Keynote speaker Dr. Karen Bell of the nonprofit MassPRO health care improvement organization in Massachusetts said the U.S. health care system suffers from a number of problems, causing it to rank highest among all nations in spending and among the lowest in terms of value. A lack of communication between providers, administrative inefficiencies and problems of fraud and abuse are among the problems that can be improved through the expanded use of health information technology, she said.

The American Recovery and Reinvestment Act of 2009 directs at least $35 billion to health care providers who implement electronic medical records and share key patient data with other clinicians while ensuring the security of personal information, Bell said.

In Maine, larger hospitals, public clinics and physician practices have already invested in developing internal electronic medical records. Eastern Maine Healthcare Systems has spent about $75 million over the past 10 years to take patient care electronic, according to Chief Financial Officer Dan Coffey. The systemwide project includes a program for sharing digital X-rays across the seven-hospital system, a computer-based system for monitoring intensive care patients from a central location, and an electronic ordering system for physicians that flags allergies, drug interactions and other essential factors in patient care.

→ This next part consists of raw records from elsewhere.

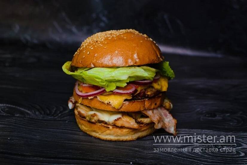 Булочка з кунжутом, соус червоний, гірчиця американська, листя салату, м`ясо куряче, фарш м`ясний, бекон, сир моцарела, сир твердий, цибуля червона, помідори, огірок маринований.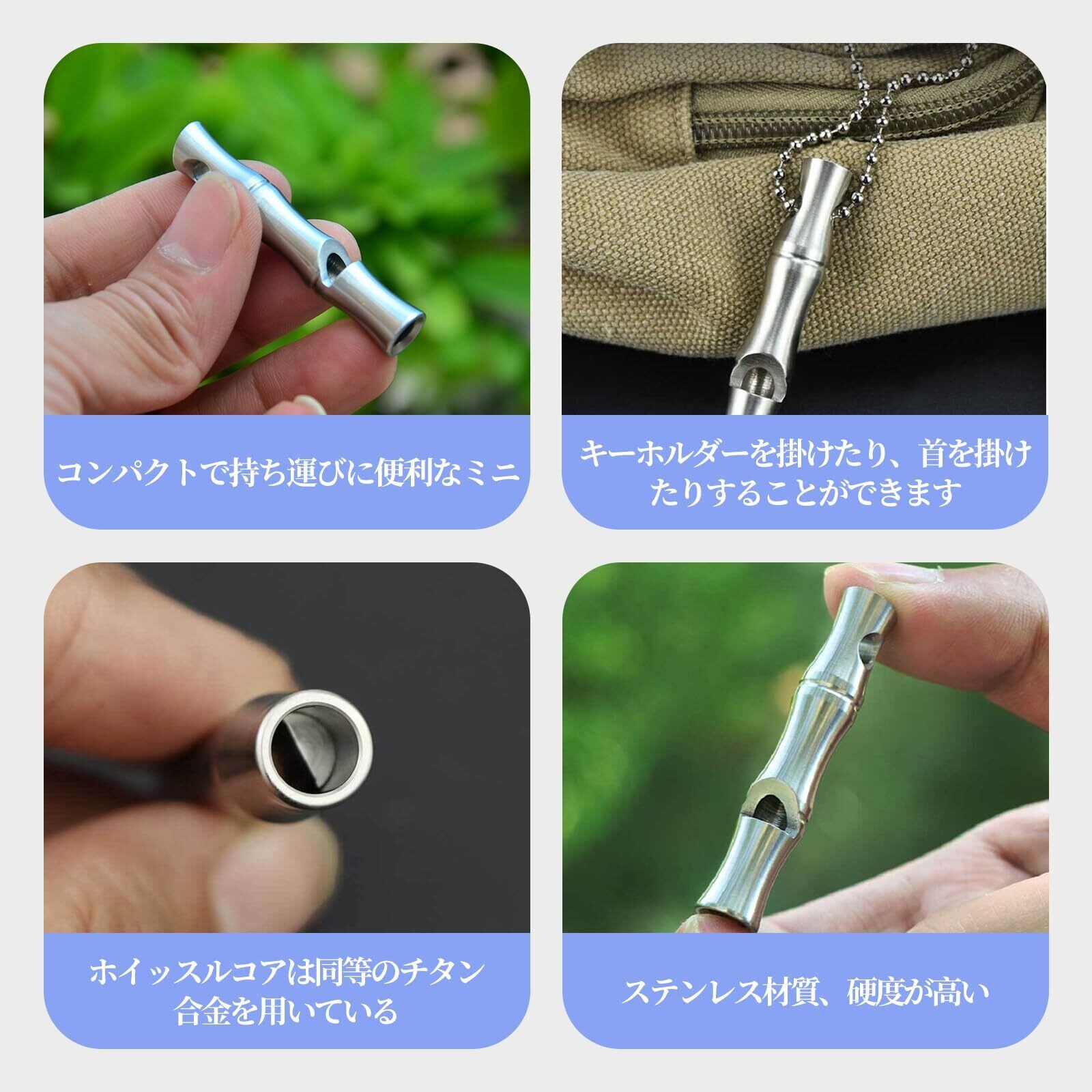 【高品質な素材】ホイッスルは高品質のステンレス鋼製なので、頑丈と軽量を両立し、金属臭がないです。腐食性と耐錆性が素敵、環境にやさしい、体に無害です。大音量でクリア、非常に遠くから聞こえます。鮮明で高音質の音を楽しむことが可能です。緊急時すごく頼もしい!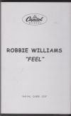 Feel est le 1er single issu de l'album Escapology. Ce titre est un peu une transition : il s'inscrit dans la tradition des ballades "robbienesques" comme Angels et Eternity. Mais il oriente aussi le public vers une certaine maturité. Beaucoup disent que la chanson emprunte le style de U2, dont Robbie est fan. Le clip quant à lui, nous montre une belle "romance" en noir et blanc, dans le far west américain... On ignore toujours qui est la mystérieuse femme qui chante dans ce titre. On a longtemps cru qu'il s'agissait de Ms Dynamite, mais rien n'est vraiment sûr. Contrairement aux espoirs de EMI, Feel n'est pas parvenu à se classer à la première place des charts anglais, mais le titre a connu cependant une bonne carrière dans le monde entier, notamment en France. Le clip est quant à lui un peu trop ressemblant à Eternity ou Somethin' Stupid, mais on ne se lasse pas du glamour de Robbie pour autant. A noter le clip existe en deux versions : couleur et noir et blanc.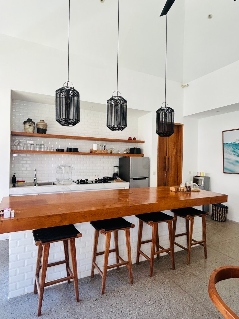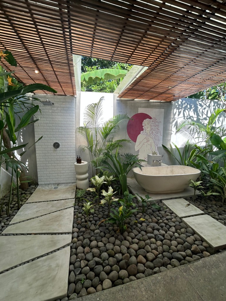 We stayed at Loop Villas, tucked just off the main road in a quiet side street. It was so stylish and comfortable, a super relaxed communal outdoor/ indoor living feel, and walking distance to restaurants, cafes, and the beach. The boys had space to hang out independently, while I still felt close enough to keep tabs. The outdoor bathrooms were incredible and the pool was a post surf life saver. Also the property manager Leo could not do enough to help us – this was invaluable for me travelling alone with my boys.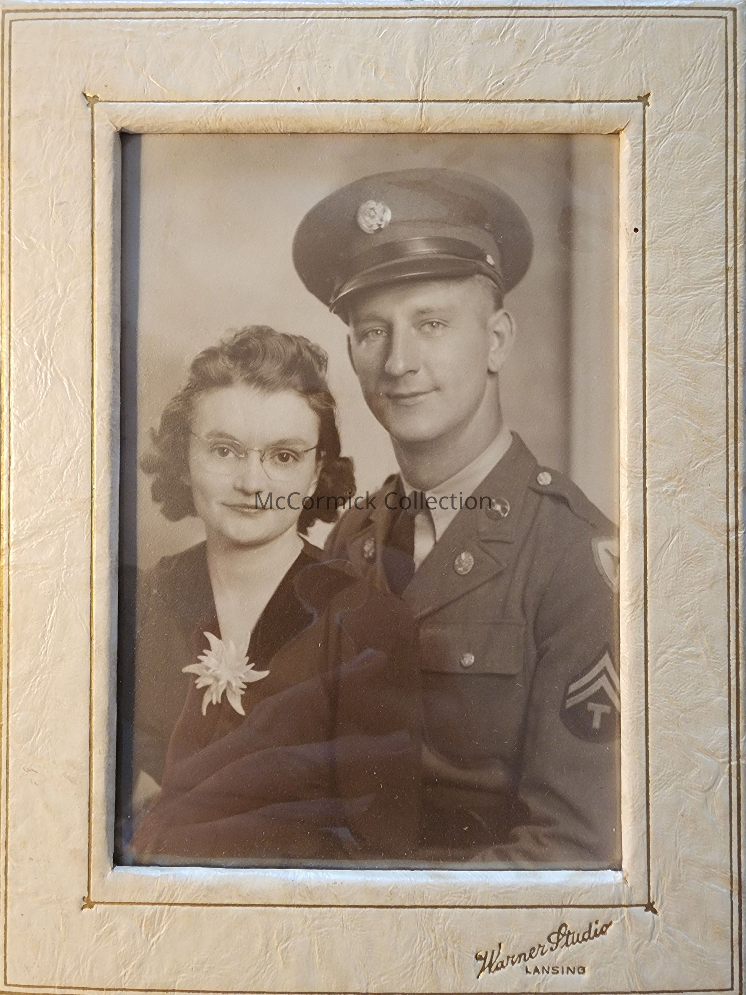 Frame mounted photograph of an unidentified couple by Lansing photographer Warner Studio. Man is pictured in a military uniform.

Since the beginning of this year, the nonprofit Health InfoNet project has received more than $10 million in federal funding to develop a statewide network for sharing key patient information drawn from providers’ electronic records. The Health InfoNet system, currently piloting a two-year demonstration, shares test results, allergy information, diagnoses, prescription histories and other essential records among 16 hospitals and a southern Maine primary care practice, ensuring that up-to-date information is available for patients seen at more than one site.

Health InfoNet Executive Director Devore Culver said Thursday that a recent federal grant of $4.7 million will be used to help independent Maine physician practices and community hospitals purchase the hardware and software needed to participate in the statewide network.

Health InfoNet is in the process of coordinating with Gov. John Baldacci’s Office of Health Policy and Finance but will remain a private organization, Culver said.